__GOAL OF THE EXERCISE__
Copy the records below exactly, starting at the line that contains "Manhattan is a" and ending at the line that contains "The whimsical Christmas"; leave out any pictures.

- - - - - - -

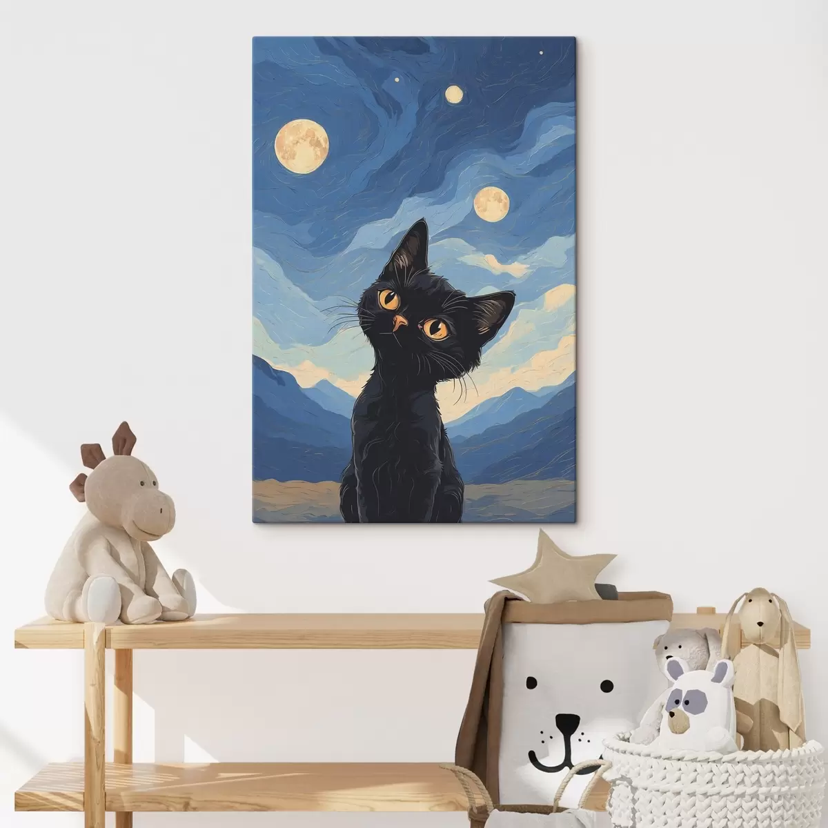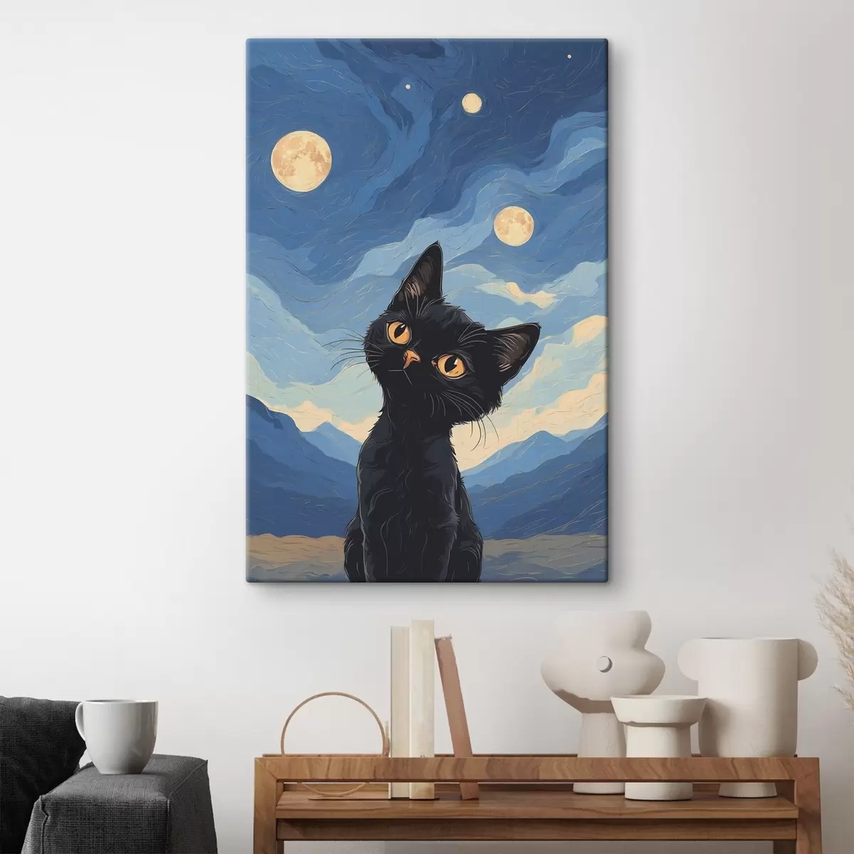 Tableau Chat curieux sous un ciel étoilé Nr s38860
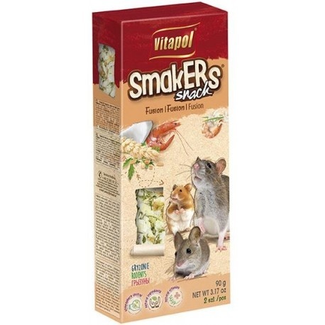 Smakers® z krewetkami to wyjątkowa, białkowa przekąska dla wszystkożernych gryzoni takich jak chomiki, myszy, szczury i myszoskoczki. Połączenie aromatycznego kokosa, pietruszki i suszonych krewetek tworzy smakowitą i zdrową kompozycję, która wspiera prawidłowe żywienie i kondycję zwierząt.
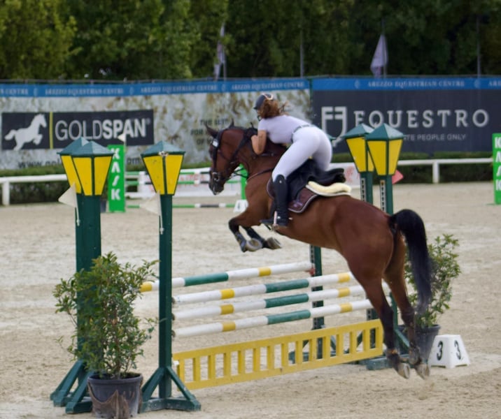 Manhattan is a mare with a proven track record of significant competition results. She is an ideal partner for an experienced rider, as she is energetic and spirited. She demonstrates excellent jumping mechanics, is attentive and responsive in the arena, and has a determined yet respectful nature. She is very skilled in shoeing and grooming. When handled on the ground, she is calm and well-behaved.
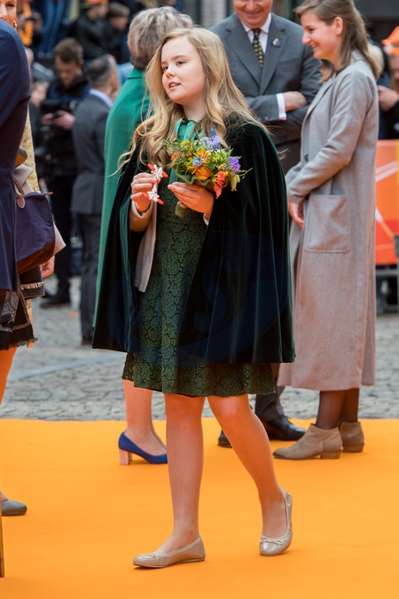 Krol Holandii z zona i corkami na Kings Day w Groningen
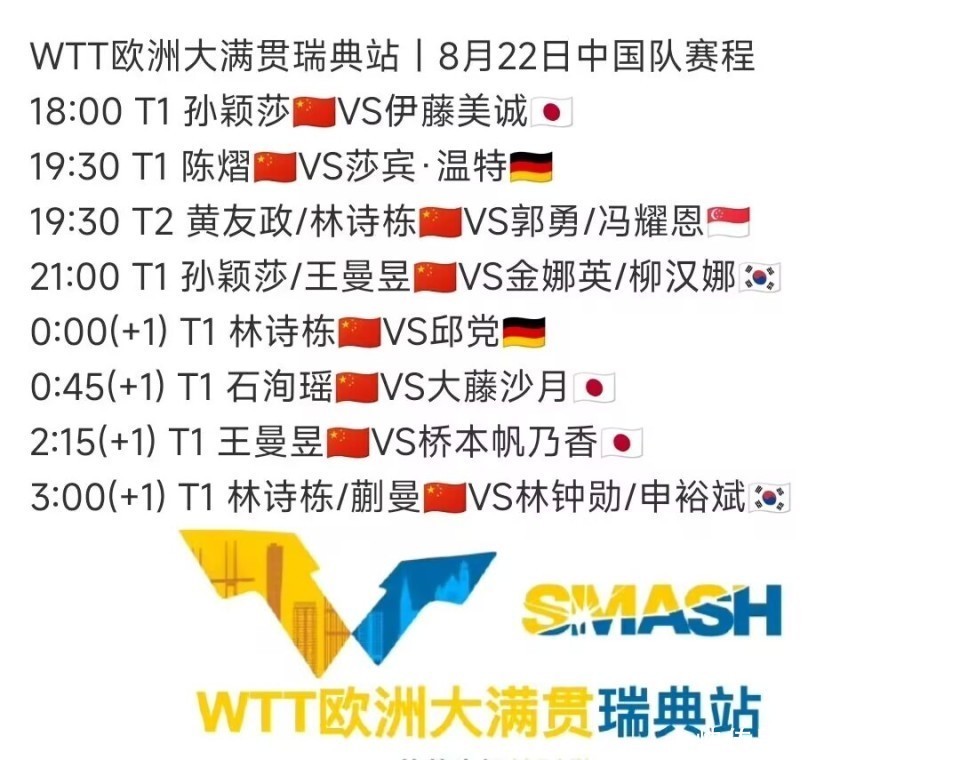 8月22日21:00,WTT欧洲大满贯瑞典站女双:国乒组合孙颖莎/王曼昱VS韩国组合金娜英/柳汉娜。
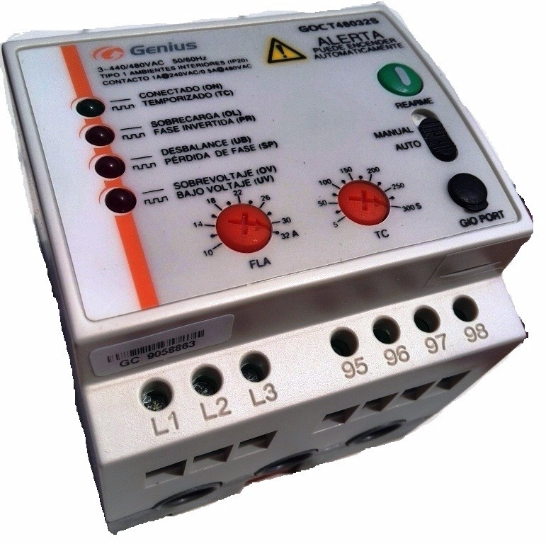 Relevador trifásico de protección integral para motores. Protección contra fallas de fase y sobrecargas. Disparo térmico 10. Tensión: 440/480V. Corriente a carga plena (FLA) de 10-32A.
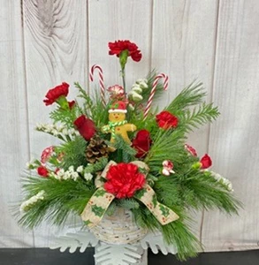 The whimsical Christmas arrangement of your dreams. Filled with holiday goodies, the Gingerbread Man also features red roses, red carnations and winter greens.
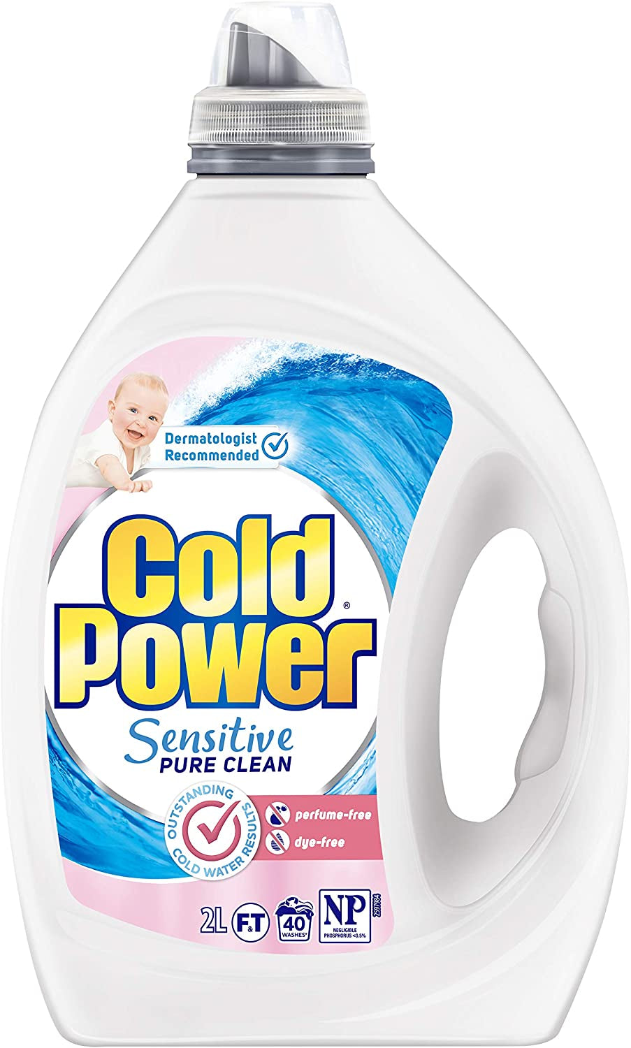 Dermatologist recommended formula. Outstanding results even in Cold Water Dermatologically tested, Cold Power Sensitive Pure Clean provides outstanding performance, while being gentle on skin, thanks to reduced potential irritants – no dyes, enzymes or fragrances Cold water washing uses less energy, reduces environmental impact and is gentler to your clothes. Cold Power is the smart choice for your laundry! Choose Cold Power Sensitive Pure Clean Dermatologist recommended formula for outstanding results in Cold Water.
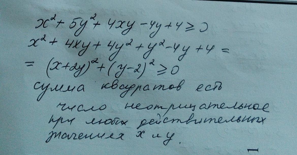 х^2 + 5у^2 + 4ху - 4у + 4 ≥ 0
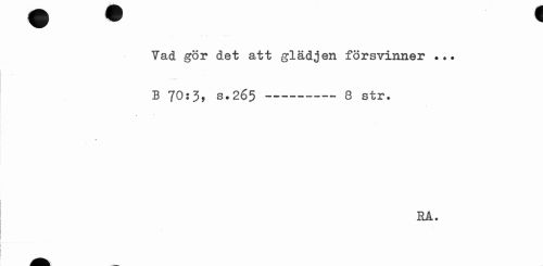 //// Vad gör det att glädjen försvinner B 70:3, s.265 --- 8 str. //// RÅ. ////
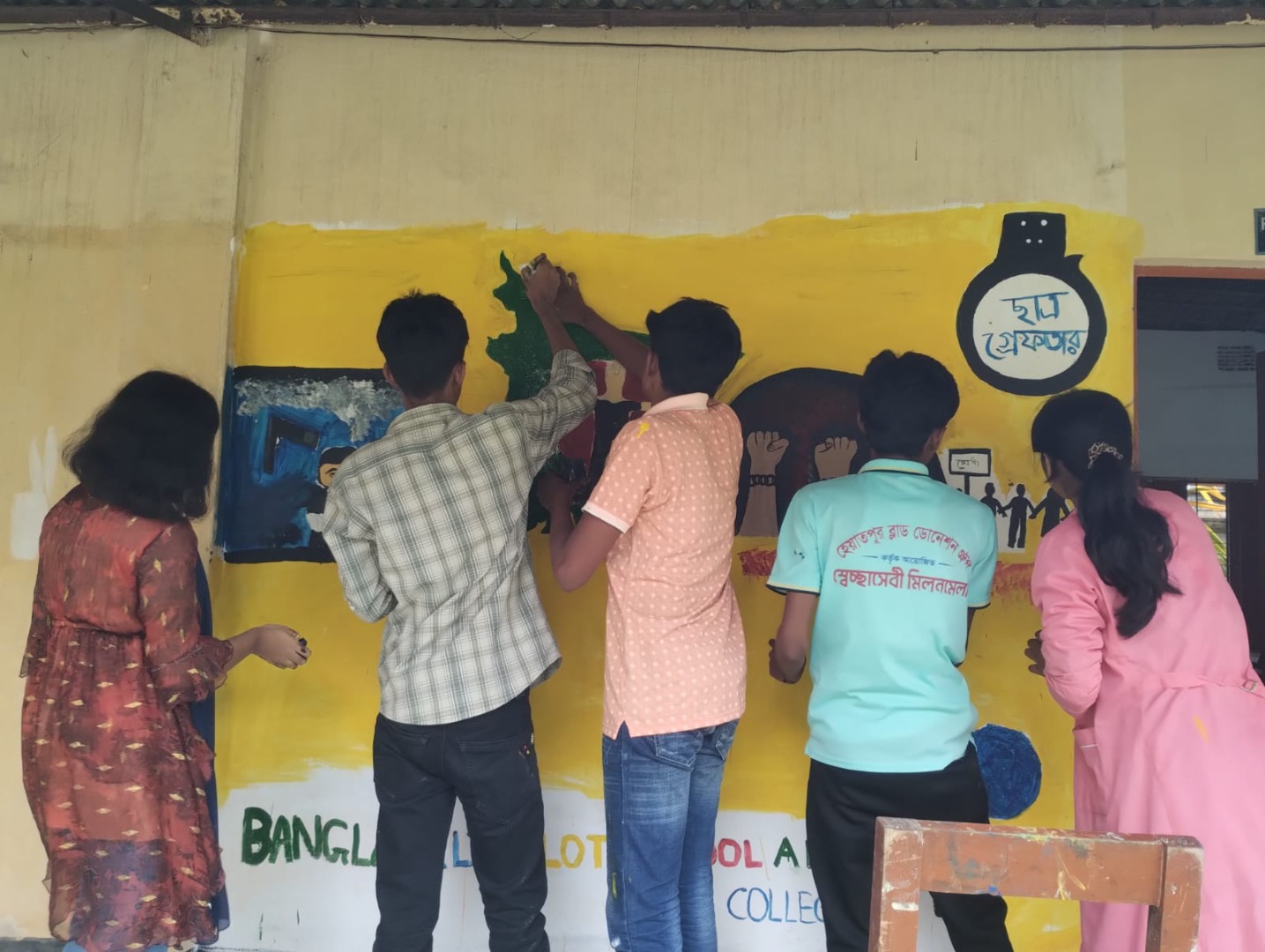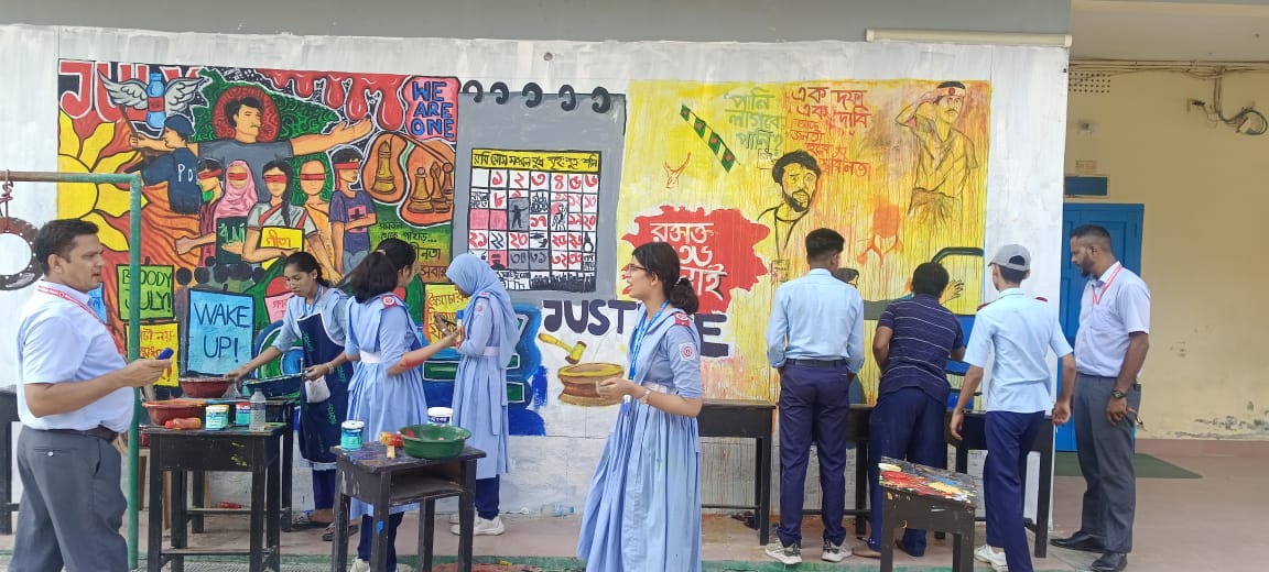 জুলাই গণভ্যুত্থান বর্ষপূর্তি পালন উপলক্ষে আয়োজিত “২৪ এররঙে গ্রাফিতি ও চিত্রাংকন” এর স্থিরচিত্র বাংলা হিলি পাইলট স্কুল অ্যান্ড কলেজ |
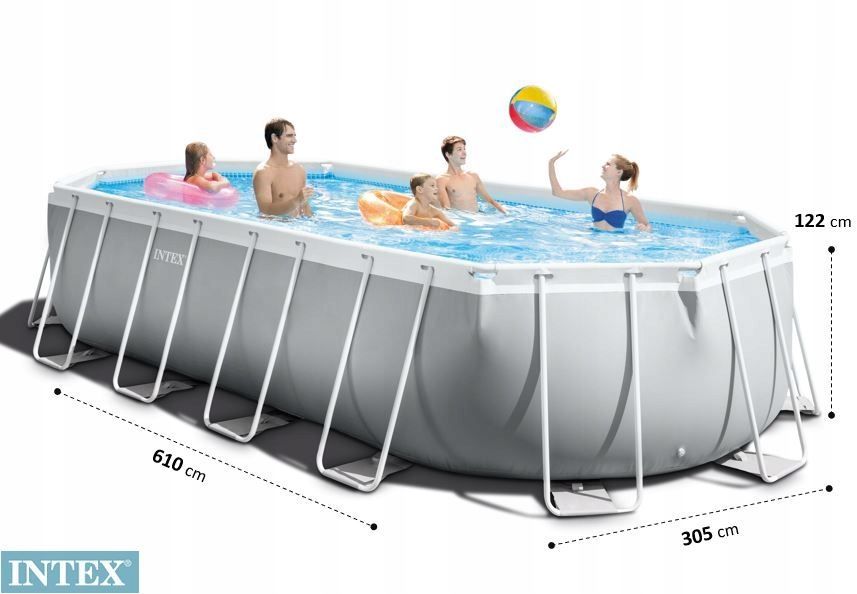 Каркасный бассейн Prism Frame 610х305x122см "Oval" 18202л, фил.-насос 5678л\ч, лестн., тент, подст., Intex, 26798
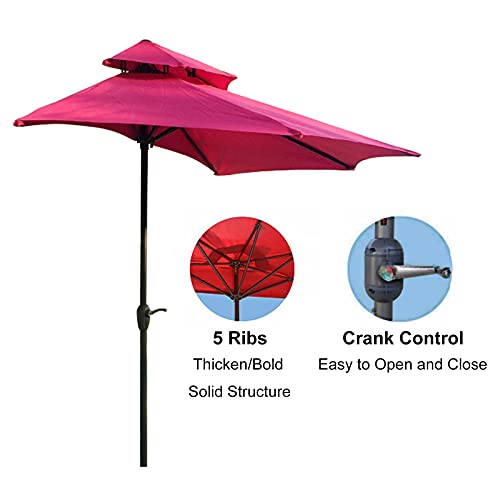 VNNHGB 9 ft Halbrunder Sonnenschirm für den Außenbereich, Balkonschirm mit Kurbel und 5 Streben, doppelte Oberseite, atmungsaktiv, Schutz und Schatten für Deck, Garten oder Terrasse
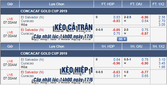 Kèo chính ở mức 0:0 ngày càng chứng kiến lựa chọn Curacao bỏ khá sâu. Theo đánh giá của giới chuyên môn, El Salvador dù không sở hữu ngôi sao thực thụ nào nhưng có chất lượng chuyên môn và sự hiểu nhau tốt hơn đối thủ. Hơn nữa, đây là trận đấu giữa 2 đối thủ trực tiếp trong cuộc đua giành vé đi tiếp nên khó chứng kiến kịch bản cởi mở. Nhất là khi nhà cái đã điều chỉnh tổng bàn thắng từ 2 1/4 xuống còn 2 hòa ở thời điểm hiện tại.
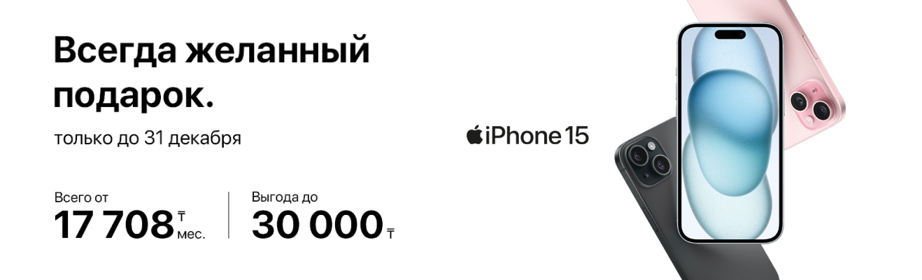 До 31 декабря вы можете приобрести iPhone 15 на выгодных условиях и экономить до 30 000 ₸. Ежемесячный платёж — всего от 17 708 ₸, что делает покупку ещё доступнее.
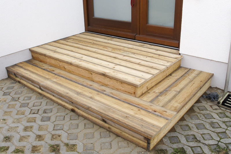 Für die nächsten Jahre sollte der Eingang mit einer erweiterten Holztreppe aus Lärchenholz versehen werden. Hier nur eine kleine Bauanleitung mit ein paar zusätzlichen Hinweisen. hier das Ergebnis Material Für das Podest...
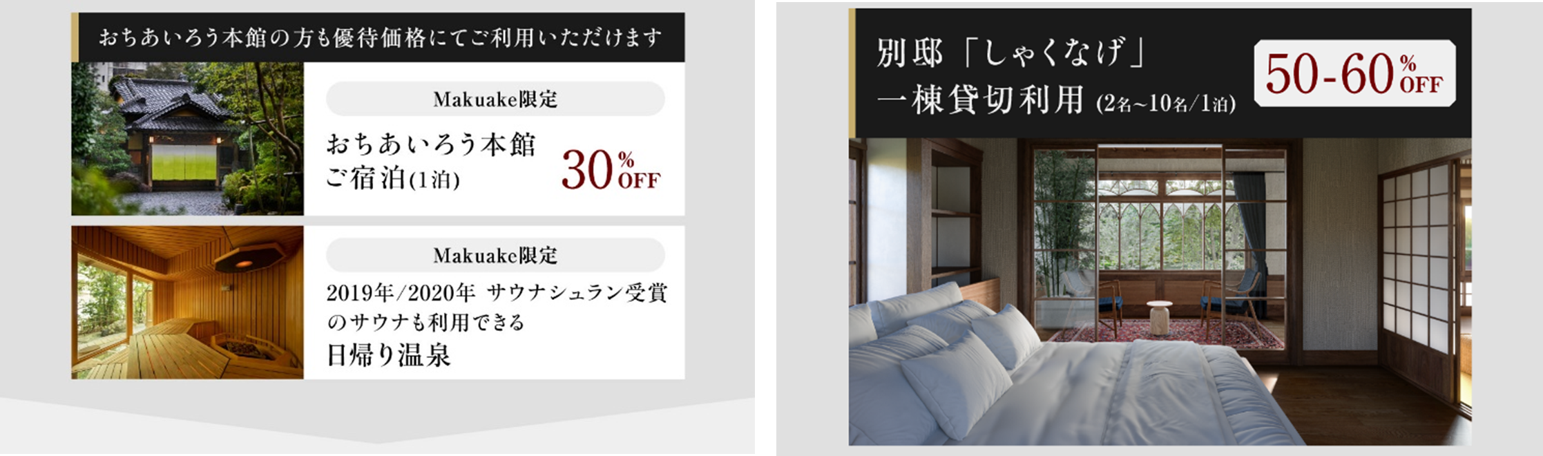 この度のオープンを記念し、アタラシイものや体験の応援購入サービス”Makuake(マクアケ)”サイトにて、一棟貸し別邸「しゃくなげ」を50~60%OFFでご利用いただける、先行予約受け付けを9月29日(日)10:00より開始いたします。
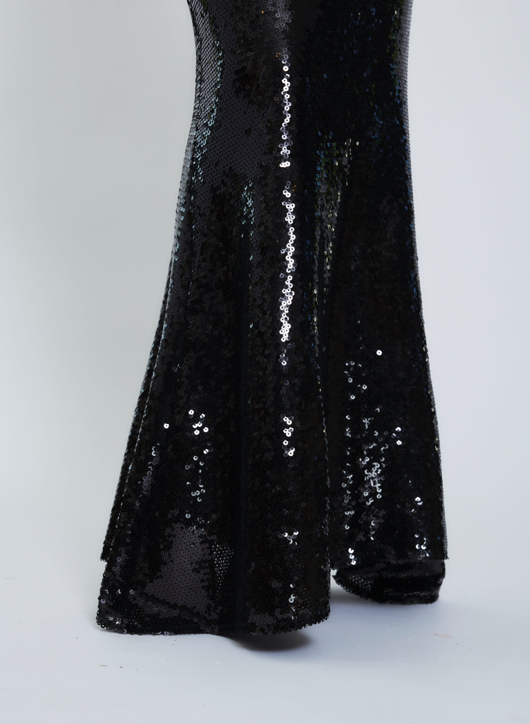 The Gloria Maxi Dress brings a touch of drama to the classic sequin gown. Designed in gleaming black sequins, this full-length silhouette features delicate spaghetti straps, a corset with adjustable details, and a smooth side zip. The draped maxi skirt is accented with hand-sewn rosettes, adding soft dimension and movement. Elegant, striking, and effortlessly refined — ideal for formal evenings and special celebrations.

- - - - - - -

__ANSWER TO THIS EXERCISE__
 Manhattan is a mare with a proven track record of significant competition results. She is an ideal partner for an experienced rider, as she is energetic and spirited. She demonstrates excellent jumping mechanics, is attentive and responsive in the arena, and has a determined yet respectful nature. She is very skilled in shoeing and grooming. When handled on the ground, she is calm and well-behaved.
 Krol Holandii z zona i corkami na Kings Day w Groningen
 8月22日21:00,WTT欧洲大满贯瑞典站女双:国乒组合孙颖莎/王曼昱VS韩国组合金娜英/柳汉娜。
 Relevador trifásico de protección integral para motores. Protección contra fallas de fase y sobrecargas. Disparo térmico 10. Tensión: 440/480V. Corriente a carga plena (FLA) de 10-32A.
 The whimsical Christmas arrangement of your dreams. Filled with holiday goodies, the Gingerbread Man also features red roses, red carnations and winter greens.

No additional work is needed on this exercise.